Hillside hunched over most of his target cavern, but a section had sheared away in the recent past, leaving thinner stone.  He stood a while, contemplating how the cavern would react when it was breached.  The walls felt firm, the ceiling solid, but he had never tried this before.

He looked to where his friends waited on the trail, then scanned the slope above them.  Rocks, snow, frozen soil, tall but tenuously-rooted trees.  Big avalanche danger.

“Go back further,” he called to them.  “Ilshenrir, put wards up.  Whatever you'd use for big rocks.  This could get bad.”

He heard Lark squawk an objection, but they all scuttled back until he could barely see them through the trees.  He still felt them, dimly, but since he did not know if he could control the lever and guard them at the same time, it was best to rely on the wraith.

Taking a deep breath, he touched the chisel-end to the stone at his feet.

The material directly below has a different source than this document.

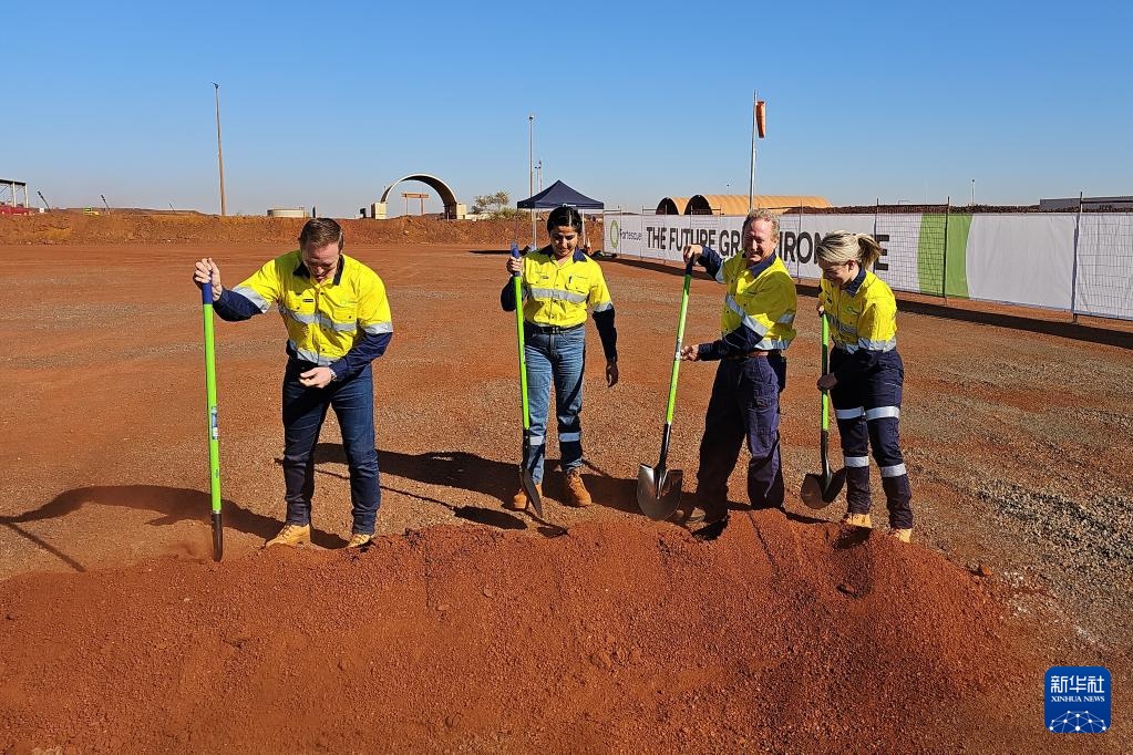 8月16日,在位于西澳大利亚州皮尔巴拉地区的克里斯默斯克里克矿区,澳大利亚福德士河集团执行董事长安德鲁·福里斯特(右二)参加绿色铁素项目奠基仪式。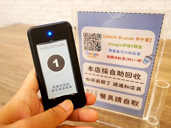 點餐後會拿到一個感應器,等感應器震動就可以到櫃檯取餐,跟百貨公司蠻像的。

The lever felt somehow alive in his grip.  At just a touch, cracks formed within his mind's eye: where the stone would rupture and cave inward, where it would stay standing.  He drew the chisel-end along the rock, intrigued by how the pattern changed with each new position.  This was not an earthquake-maker; it was a precision tool, as delicate as his concentration.

Holding the image of what he wanted in his head, he raised it over the proper spot and struck.

The hillside shivered, trees shedding great sheets of snow and ice.  The tip of the lever punctured the rock like a needle, and he felt cracks vein out wildly from its point of impact, following the strictures he had set.  Eyes closed, he switched his grip and pulled, both feeling and seeing the rock break into the required patterns.  The sound of collapsing stone was deafening.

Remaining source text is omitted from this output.